The scientific approach developed by the MANIP project-team will be interdisciplinary, integrating the complementary work of several teams. The Multimodal Perception and Sociable Interaction team of the LIG laboratory (M-PSI1) enforces the project-team on machine learning for multimodal perception in pervasive space (computer vision, speech processing, eye-tracking. . . ) and trace analysis. The Statistique pour les Sciences du Vivant et de l’Homme (SVH) team of the LJK laboratory develops statistics (mixed effect models, variable selection...) and trace-based measures of human behavior, with applications to didactics and educational psychology. LaRAC (Laboratoire de recherche sur les apprentissages en contexte) members contribute to the project-team with knowledge and experience in conversational analysis, usability engineering, and instructional events analysis. The expected outcomes include perceptive computational models describing the interactions between teachers and students within a CAC. These models will allow enhancing both teachers’ pedagogical practices and students’ learning.

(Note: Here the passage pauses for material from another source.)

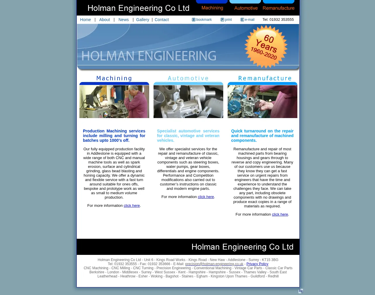 Unit 6, Kings Road Works, Kings Rd, Addlestone KT15 3BG, UK, Egham, England, United Kingdom of Great Britain and Northern Ireland01932 353555precision@holman-engineering.co.ukhttp://www.holman-engineering.co.uk/
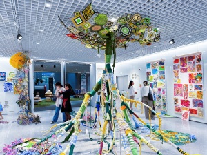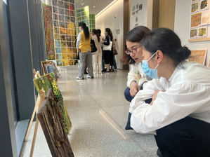 老师们迫不及待地走近孩子的作品,用欣赏的眼光去发现孩子们独特的艺术表达……时而交流探讨、时而驻足不前、时而凝神细望、赞叹不已……展厅中展出了形态各异的山水国画、钉板画、陶罐、纸板青铜器等作品,这些斑斓的色彩、稚嫩的线条、夸张的造型、多元的创意是孩子们对世界的认识与期许,展现了孩子们多姿多彩的童年世界。

Our scientific approach will follow a “reproducible science” paradigm: a) we will share source codes and models (Open Source); b) after obfuscation/pseudonymization, corpora will be spread to the scientific community (Open Data).
Locally, the project-team will benefit from the Teaching Lab project funded by the Idex Formation call. This project permitted us to build a fully equipped and functional context-aware classroom at the ENSIMAG building. Some members of the project-team are involved on the PIA3 PEGASE project which focuses on primary and secondary schools. MANIP is complementary to PEGASE as it addresses the seldom studied university level. From a broader point of view, MANIP will sustain current starting collaborations with the ICAR (ENS-Lyon) and Techné (Univ. Poitiers) laboratories.